Work task. First find the line with "Современная гостиная в светлых тонах" in the entries below, then set down exactly every line through the line with "Greeploos badkamermeubel in", that line included.

Study material.
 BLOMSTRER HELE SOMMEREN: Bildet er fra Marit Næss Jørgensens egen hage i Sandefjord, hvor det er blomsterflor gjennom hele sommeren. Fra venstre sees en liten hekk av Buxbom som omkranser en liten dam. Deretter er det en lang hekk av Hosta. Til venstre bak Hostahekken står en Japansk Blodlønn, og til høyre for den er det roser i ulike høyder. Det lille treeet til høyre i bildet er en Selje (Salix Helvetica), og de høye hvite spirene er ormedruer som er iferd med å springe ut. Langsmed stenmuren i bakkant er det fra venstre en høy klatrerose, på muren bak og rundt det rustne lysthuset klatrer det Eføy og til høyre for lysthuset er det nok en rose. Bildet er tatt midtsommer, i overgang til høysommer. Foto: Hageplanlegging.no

--

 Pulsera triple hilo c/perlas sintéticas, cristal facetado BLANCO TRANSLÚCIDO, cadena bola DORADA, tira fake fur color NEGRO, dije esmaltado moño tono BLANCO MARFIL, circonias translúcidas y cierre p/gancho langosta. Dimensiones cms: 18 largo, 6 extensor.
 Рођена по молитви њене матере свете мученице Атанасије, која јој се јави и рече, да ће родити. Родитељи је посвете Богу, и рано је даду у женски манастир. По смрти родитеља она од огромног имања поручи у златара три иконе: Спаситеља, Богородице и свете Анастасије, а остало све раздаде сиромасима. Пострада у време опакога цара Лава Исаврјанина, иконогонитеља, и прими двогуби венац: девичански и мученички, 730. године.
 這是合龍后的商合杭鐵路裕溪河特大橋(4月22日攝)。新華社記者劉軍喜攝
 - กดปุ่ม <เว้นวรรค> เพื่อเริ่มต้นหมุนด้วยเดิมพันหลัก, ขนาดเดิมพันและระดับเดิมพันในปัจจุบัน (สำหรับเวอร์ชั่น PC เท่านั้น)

...

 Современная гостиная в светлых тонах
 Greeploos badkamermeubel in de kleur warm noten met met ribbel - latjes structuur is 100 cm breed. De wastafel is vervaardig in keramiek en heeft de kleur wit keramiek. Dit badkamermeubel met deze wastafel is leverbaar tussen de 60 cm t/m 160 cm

Solution for this exercise.
 Современная гостиная в светлых тонах
 Greeploos badkamermeubel in de kleur warm noten met met ribbel - latjes structuur is 100 cm breed. De wastafel is vervaardig in keramiek en heeft de kleur wit keramiek. Dit badkamermeubel met deze wastafel is leverbaar tussen de 60 cm t/m 160 cm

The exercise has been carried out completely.